### Work to complete:
Only one stretch of the data is wanted: the line containing "林喆一共控制38.83%股权,控制82.35%的投票权。", the line containing "如果合并成功, 旧的regi", and every line between them, copied exactly.

### Input records:
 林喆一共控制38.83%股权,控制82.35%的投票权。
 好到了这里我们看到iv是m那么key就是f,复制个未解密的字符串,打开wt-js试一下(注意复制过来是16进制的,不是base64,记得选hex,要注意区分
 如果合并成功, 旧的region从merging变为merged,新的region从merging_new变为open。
--
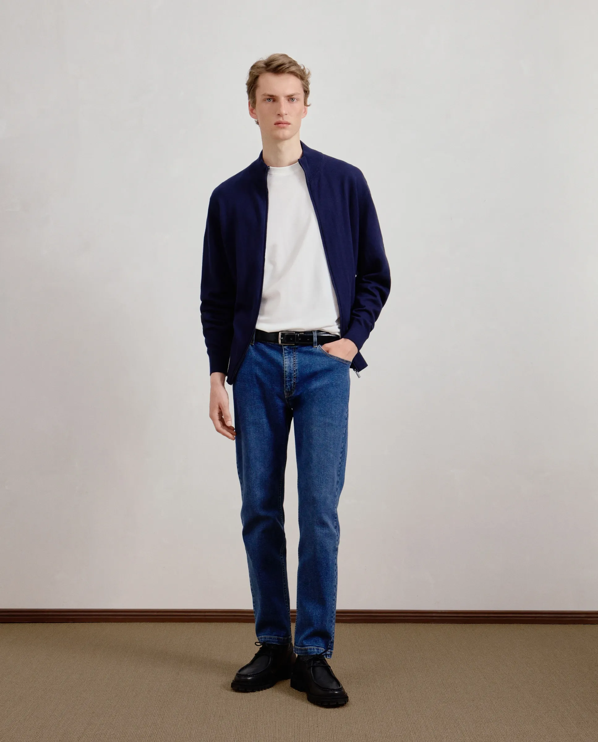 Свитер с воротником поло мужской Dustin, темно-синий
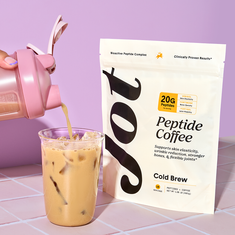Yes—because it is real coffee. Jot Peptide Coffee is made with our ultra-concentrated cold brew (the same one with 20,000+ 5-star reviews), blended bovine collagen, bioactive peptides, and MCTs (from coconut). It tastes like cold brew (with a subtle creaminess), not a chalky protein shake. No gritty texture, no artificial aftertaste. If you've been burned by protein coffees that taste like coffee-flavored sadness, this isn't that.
---
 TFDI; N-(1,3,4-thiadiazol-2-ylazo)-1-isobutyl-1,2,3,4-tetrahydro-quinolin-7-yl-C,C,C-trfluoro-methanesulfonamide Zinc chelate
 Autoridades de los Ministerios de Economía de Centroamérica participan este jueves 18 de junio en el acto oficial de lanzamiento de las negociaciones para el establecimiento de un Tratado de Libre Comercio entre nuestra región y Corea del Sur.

### Response box:
 林喆一共控制38.83%股权,控制82.35%的投票权。
 好到了这里我们看到iv是m那么key就是f,复制个未解密的字符串,打开wt-js试一下(注意复制过来是16进制的,不是base64,记得选hex,要注意区分
 如果合并成功, 旧的region从merging变为merged,新的region从merging_new变为open。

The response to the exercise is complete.